Virginia Paid Sick Leave for Home Health Workers
Alyson J. Guyan, Meredith F. Bergeson & Laurence T. Thompson
Effective Jul. 1, 2021, Virginia joins the District of Columbia and many other states with paid leave for designated workers (Virginia’s Paid Sick Leave Law); home health workers in this case. Paid sick leave is compensated at the same hourly rate and with the same benefits, including healthcare benefits, as an employee normally earns during hours worked.
In its final form, the law provides home health workers averaging at least 20 hours per week or 90 hours per month with paid sick leave. Home health workers are individuals who provide personal care, respite, or companion services to an individual who receives consumer-directed services under the state plan for medical assistance services (Medicaid).
Employees begin to accrue this paid sick leave at the start of employment, and they must earn, or accrue, at least one hour of paid sick leave for every 30 hours worked. However, employers can provide all paid sick leave an employee is expected to accrue at the beginning of the year. An employee’s accrual of paid sick leave is capped at 40 hours a year, unless employers choose to expand that threshold.
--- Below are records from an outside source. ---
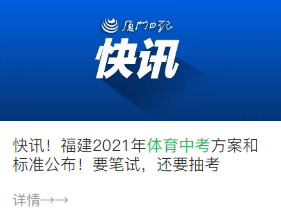 今年9月,福建省教育厅已公布《福建省初中毕业升学体育与健康考试实施方案(试行)》(下简称《方案》),不仅再次明确了从2021年开始,体育中考总分从30分增加到40分的分数变化,变化的考试方案和更高的评分要求让不少家长开始为孩子报班学习,提前准备。 (戳上方图片可直达原文)
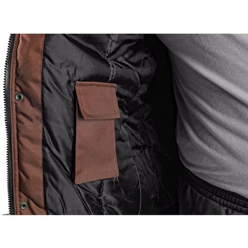 2 az 1-ben szigetelt kabát, levehető kapucni, levehető ujjak, ujjak és alsó széle állítható mandzsettával, ragasztott varratok, belső zseb, fényvisszaverő cső, vízállóság 3000 mm, páraáteresztő képesség 3000 g/m2/24h. Méret: S- XXXXL szezon: Téli osztály: Férfi szabványok: EN ISO 13688:2014, EN14058:2004 Anyagösszetétel: 100% poliészter, bélés 100% poliészter, töltet 100% poliészter Szín: barna-fekete
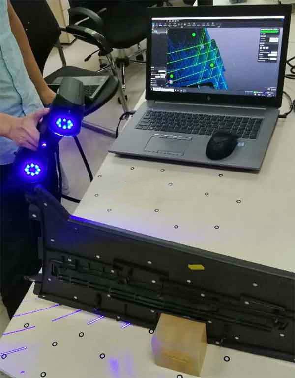 現(xiàn)在客戶想要提高測量效率,盡快出圖,且降低原有人工測量產(chǎn)生的誤差。手持式三維掃描系統(tǒng)能夠非常快速的中控面板進(jìn)行全面掃描,有效避免人為測量誤差。所以我司采用三維掃描儀對汽車中控面板,具體步驟如下:
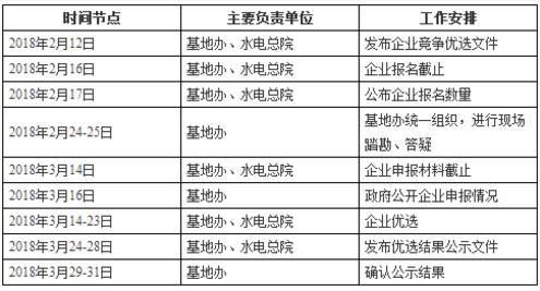 根據(jù)優(yōu)選工作初步安排,2018年2月7日編制完成優(yōu)選工作方案;2018年2月11日省發(fā)改委批復(fù)優(yōu)選工作方案;2018年2月12日公開優(yōu)選工作方案(簡版);2018年2月12日基地政府審定競爭優(yōu)選文件;2018年2月12日發(fā)布企業(yè)競爭優(yōu)選文件;2018年2月12日-16日企業(yè)報名參選;2018年2月17日公布企業(yè)報名數(shù)量;2018年2月24日-25日現(xiàn)場踏勘答疑;2018年3月14日企業(yè)申報材料提交截止;3月16日公布企業(yè)申報情況;2018年3月14日-3月23日企業(yè)優(yōu)選;2018年3月24日-28日優(yōu)選結(jié)果公示;2018年3月29日-31日確認公示結(jié)果,依程序發(fā)布基地入選名單。
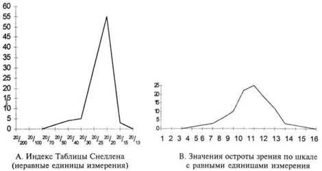 График А представляет собой несколько скошенный острый пик, полученный при тестировании с использованием таблицы Снеллена, — индекс остроты зрения здесь зависит от распознания ряда самых мелких букв со стандартной дистанции в 20 футов. Так, индивид, который с 20 футов способен разглядеть только те буквы, которые средний человек различает с расстояния 50 футов, имеет индекс 20/50. Нормальное зрение, очевидно, соответствует индексу 20/20. Индекс 20/15 означает, что зрение по остроте превосходит средний уровень. Из-за особого подбора размеров букв в этом тесте не все уровни остроты зрения можно свести к единому знаменателю, вследствие чего на более низких уровнях остроты зрения можно получить индекс больше реального, в отличие от среднего или высшего уровней остроты зрения. Иными словами, различия в уровне сложности между следующими друг за другом рядами букв не равноценны; «скачков» в уровне сложности больше в центре и на отрезке более высоких значений шкалы остроты зрения, чем на отрезке более низких значений. Неравенство единиц измерения можно проиллюстрировать, сравнив единицы измерения таблицы Снеллена с соответствующей шкалой равных единиц для измерения остроты зрения (28, с. 77): Шкала равных единиц 12 3 4 5 6 7 8 9 10 11 12 13 14 15 Т. Кпипя Снеллена 2Q 2Q 20 20 22 20 _20 _ 20 Таблица Снеллена 200 100 70 50 40 30 25 20 15 13 Распределение показателей той же группы из 226 человек по шкале остроты зрения с равными единицами измерения представлено в части В рисунка 17. Видно, что этот график больше напоминает график нормального распределения, чем график распределения значений с неравными единицами измерений. Другие случаи отклонений от нормального распределения могут так же иметь причиной неравенство значений шкалы. Предположим, что в приведенном выше примере полностью задействованы значения обоих концов шкалы, а на отрезке среднего уровня сложности наблюдается недостаток. В результате может получиться распределение с двумя пиками, поскольку индивиды, чьи значения реально располагались бы в центре, займут ближайшие доступные уровни. Об этом эффекте полезно вспомнить при рассмотрении результатов, полученных при тестировании некоторых личностных характеристик, таких, например, как интроверсия — экстраверсия. Такие качества, для обозначения которых используются биполярные термины, могут быть наиболее полно представлены в своих крайних характеристиках, в то время как их средние значения могут быть задействованы Згабо. В таком тесте в центре шкалы ее деления располагались бы реже, чем на отрезках ее крайних значений. В результате весьма вероятным было бы возникновение небольшой бимодности, которая являлась бы следствием особенностей средства измерения, но не свойств испытуемых. Подобным образом, при увеличении числа пунктов на крайних отрезках шкалы, нормальное распределение может быть преобразовано в относительно плоское. Теперь мы видим, что измерительная шкала может воздействовать на форму графика распределения по-разному. Строго говоря, невозможно определить истинное распределение, если у нас нет шкалы с равными единицами измерения. Но мы в настоящее время можем разрабатывать такие шкалы с равными единицами для психологических тестов, только если предположим, что тестируемое качество относится к нормально распределенным! При этом спрашивать, что это 
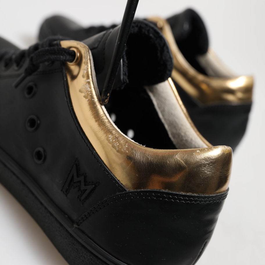 Black Gold Lace Up Low Top Women Sneakers Shoes
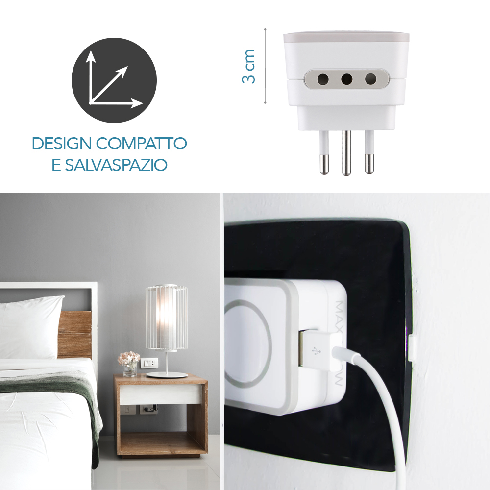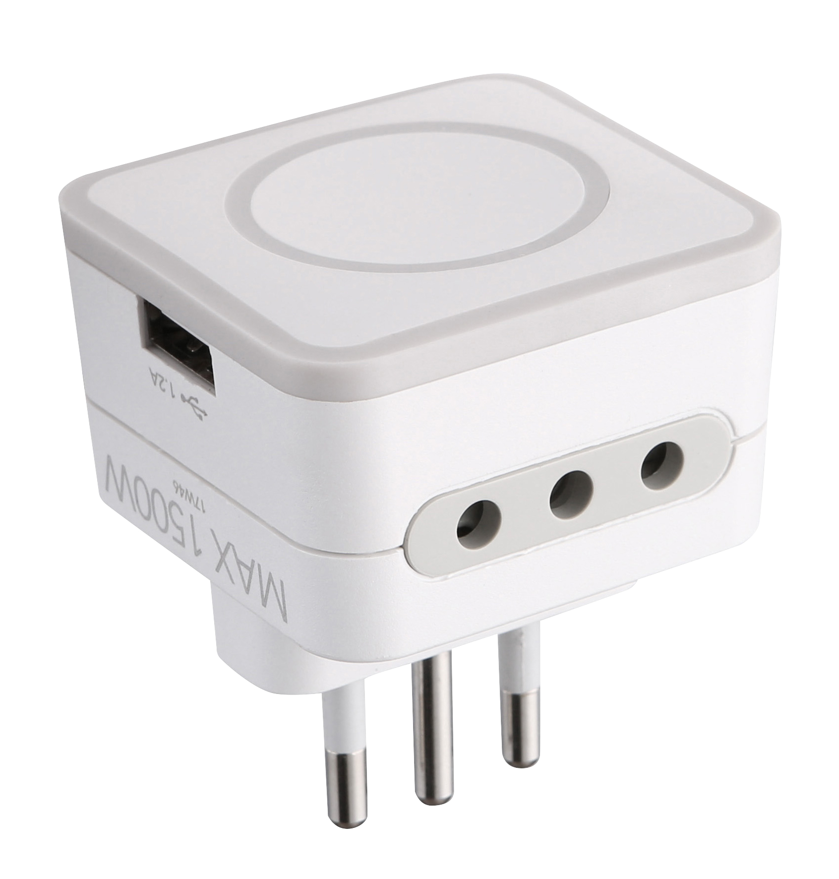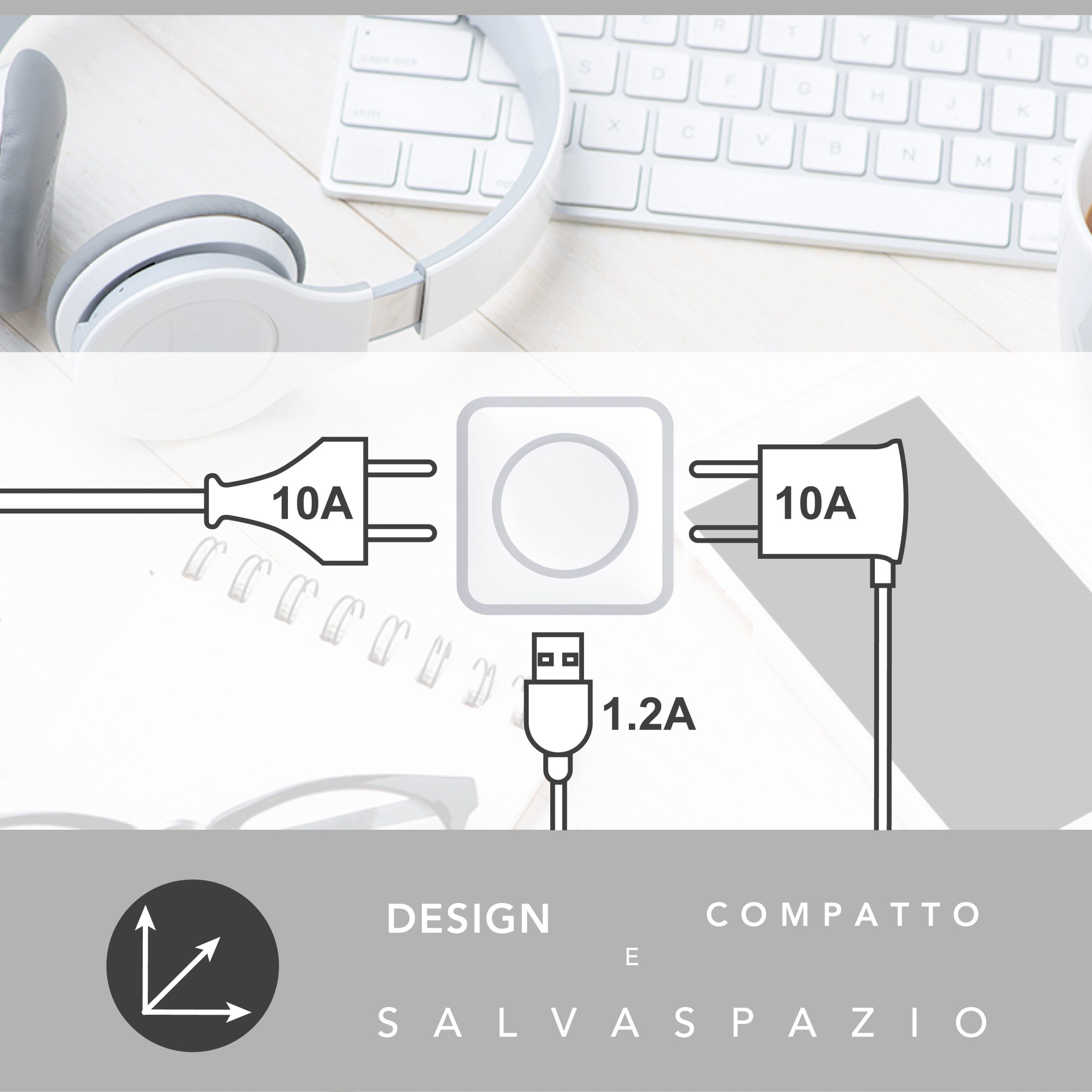 Gummy adapter 2 10A outlets + 1 USB 1.2A. White and gray. Use the product in the office. on the road or at home to charge electronic devices. Packaging: Blister
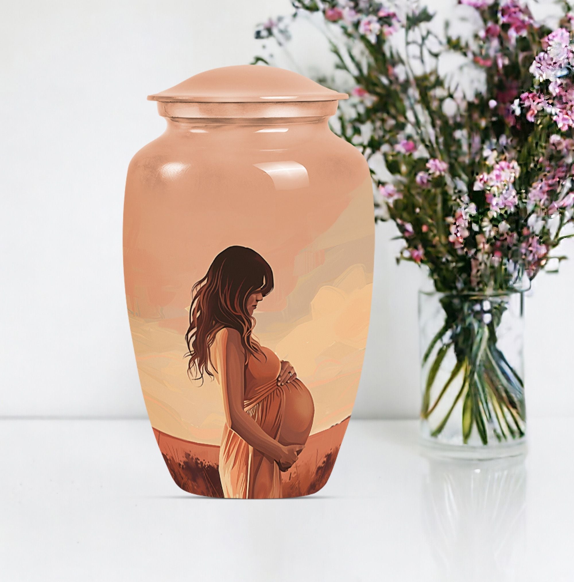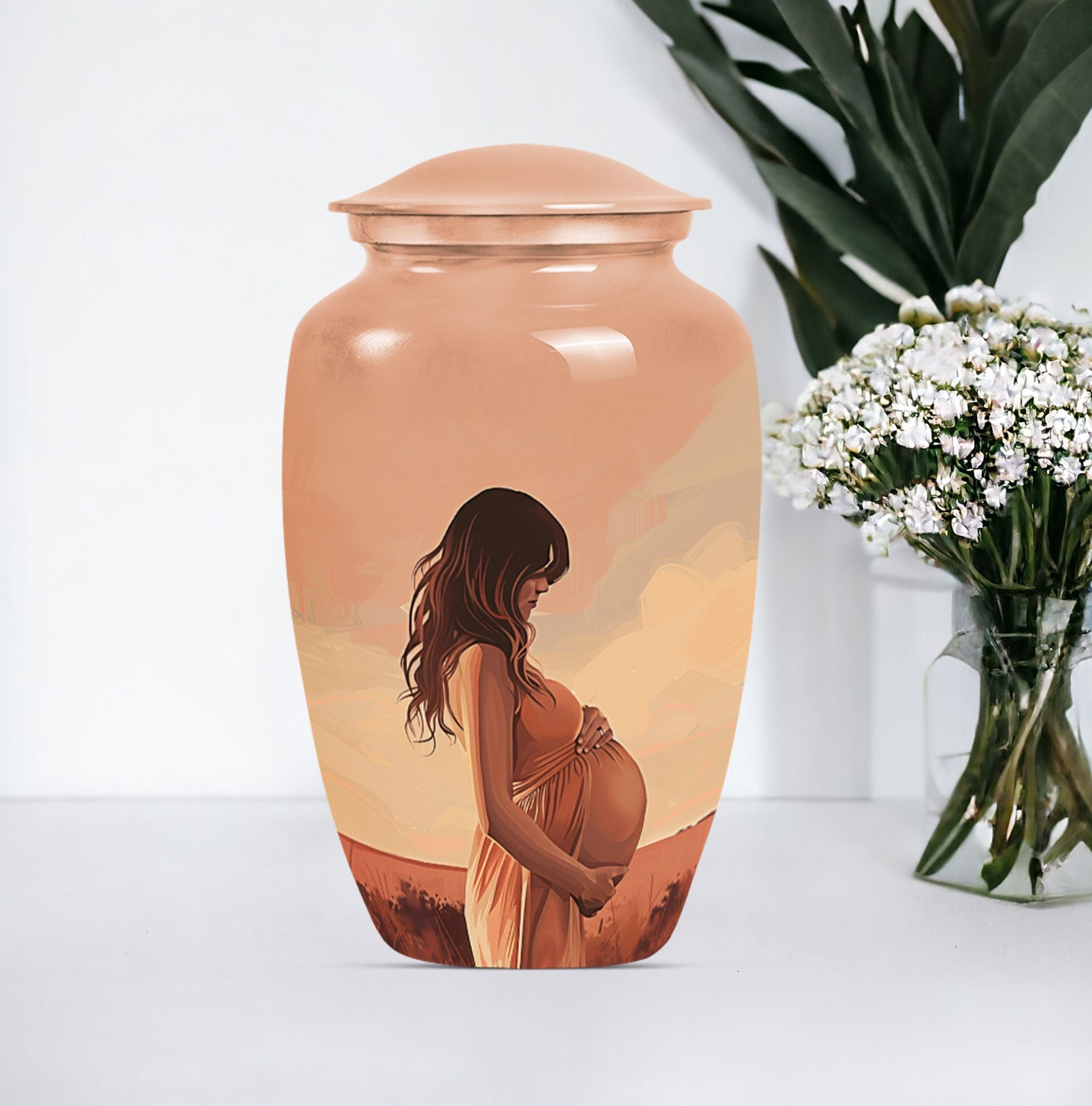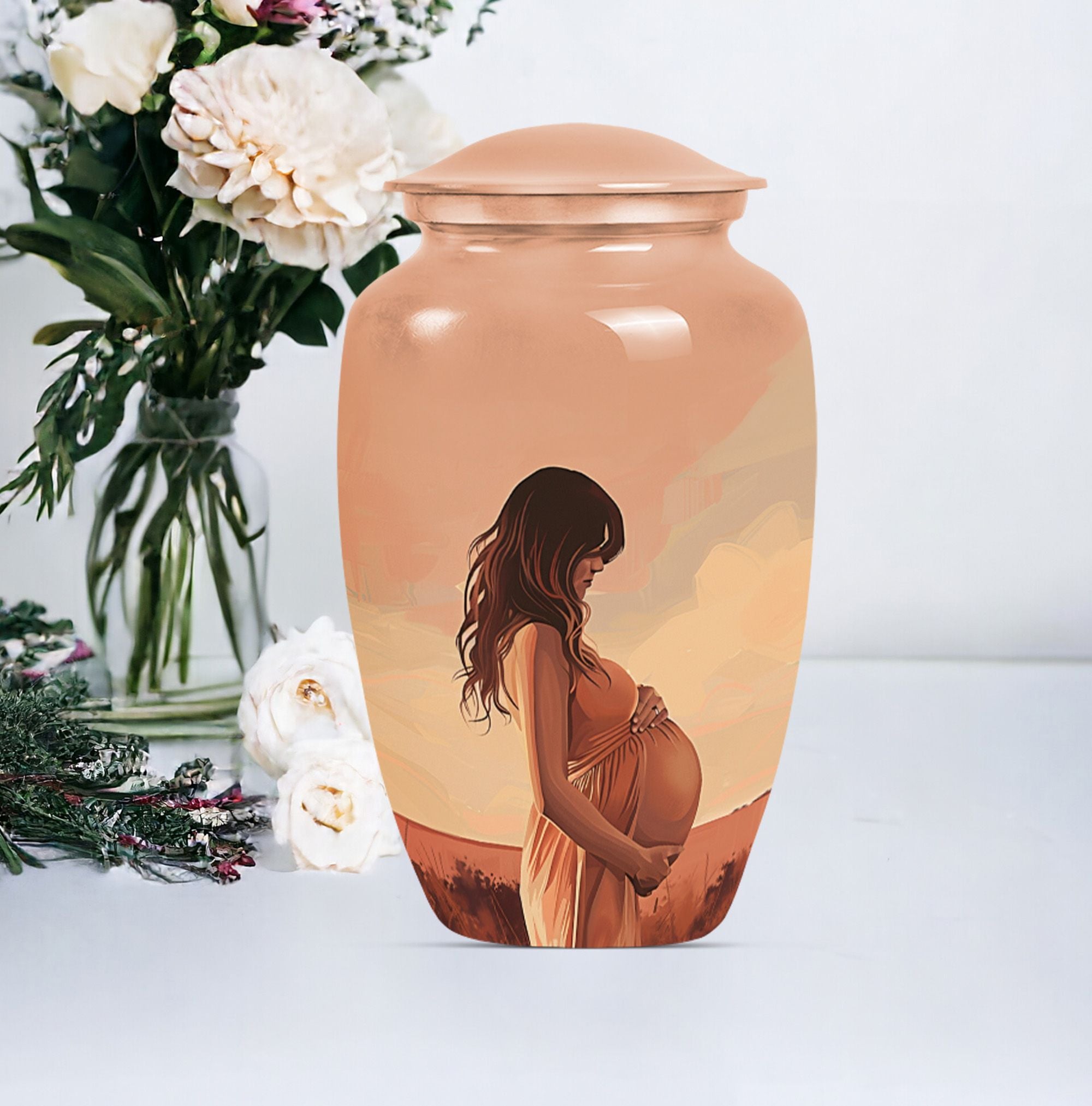 Cherish the memories of your loved ones with our distinct and dignified mother Urn. A unique offering under the 'Memorial Ceremony Supplies' category, this memorial urn for an adult male is an epitome of grace and reverence. Crafted from the sturdy and elegant Aluminium material, it ensures durability while maintaining a dignified appearance in its large Urn type. Spanning 10 inches in height and weighing 3.3 pounds, it accommodates up to 200 cubic inches of ashes. The package comes with a velvet pouch which guarantees secure containment of the ashes. It also offers a personal touch by permitting you to personalize it with engraved names of your beloved ones. The urn adorns an abstract theme that stands as a testament to life's unpredictability. Perfectly suited to be a timeless tribute to your missed mother or male companion, this urn strikes an emotional chord while being practical. Searching for 'funeral medium size urns for human ashes', 'human urn adult', or 'urns for human ashes adult', will lead up to this sturdy, elegantly designed keepsake.

Employers must provide paid sick leave to an employee at the employee’s request. Requests can be made orally, in writing, electronically, or in accordance with another established policy of the employer. In this notice, employees should provide the expected duration of the absence when possible; and if the sick leave is foreseeable, the employee should make a good faith effort to provide notice to their employer and schedule leave to avoid disrupting the employer’s operations.
Employers requiring notice of the use of paid sick leave must have a written policy that includes notice procedures. Employers cannot condition paid sick leave on employees finding replacements to cover work hours, nor can they require employees to work alternate shifts to make up hours. Employers can require reasonable documentation from employees who use paid sick leave for at least three consecutive workdays to support the purpose for the leave.
Employees can use paid sick leave for the following personal and family reasons:
- Regarding the employee:
a. an employee’s mental or physical illness, injury, or health condition;
b. an employee’s need for medical diagnosis, care, or treatment of a mental or physical illness, injury, or health condition; or
c. an employee’s need for preventive medical care; or
- Regarding the employee’s family member:
a. care of a family member with a mental or physical illness, injury, or health condition;
b. care of a family member who needs medical diagnosis, care, or treatment of a mental or physical illness, injury, or health condition; or
c. care of a family member who needs preventive medical care.
As with the law of other states, the definition of family members includes individuals beyond an employee’s immediate family. Family members are defined as:
- regardless of age, a biological child, adopted or foster child, stepchild, legal ward, child to whom the employee stands in loco parentis, or individual to whom an employee stood in loco parentis when the individual was a minor;
- a biological parent, foster parent, stepparent, adoptive parent, legal guardian of an employee or an employee’s spouse, or individual who stood in loco parentis to an employee when the employee or employee’s spouse was a minor child;
- an individual to whom an employee is legally married under the laws of any state;
- a grandparent, grandchild, or sibling, whether of a biological, foster, adoptive, or step relationship, of an employee or the employee’s spouse;
- an individual for whom an employee is responsible for providing or arranging care, including helping that individual obtain diagnostic, preventive, routine, or therapeutic health treatment; or
- any other individual related by blood or affinity whose close association with an employee is the equivalent of a family relationship.
Employers are prohibited from retaliating against employees because they have: (1) requested or used paid sick leave; or (2) alleged a violation of the paid sick leave law.
Businesses employing home health workers should review their current leave policies for congruence with this new paid sick leave requirement. Employers with existing time off policies that: (1) provide an amount of leave sufficient to the requirements of this new law; and (2) that can be used for the same purposes under the same conditions as paid sick leave, do not have to provide additional paid sick leave to employees. If current policies do not provide sufficient leave for similar uses identified in the law, employers should create a new policy and share it with employees.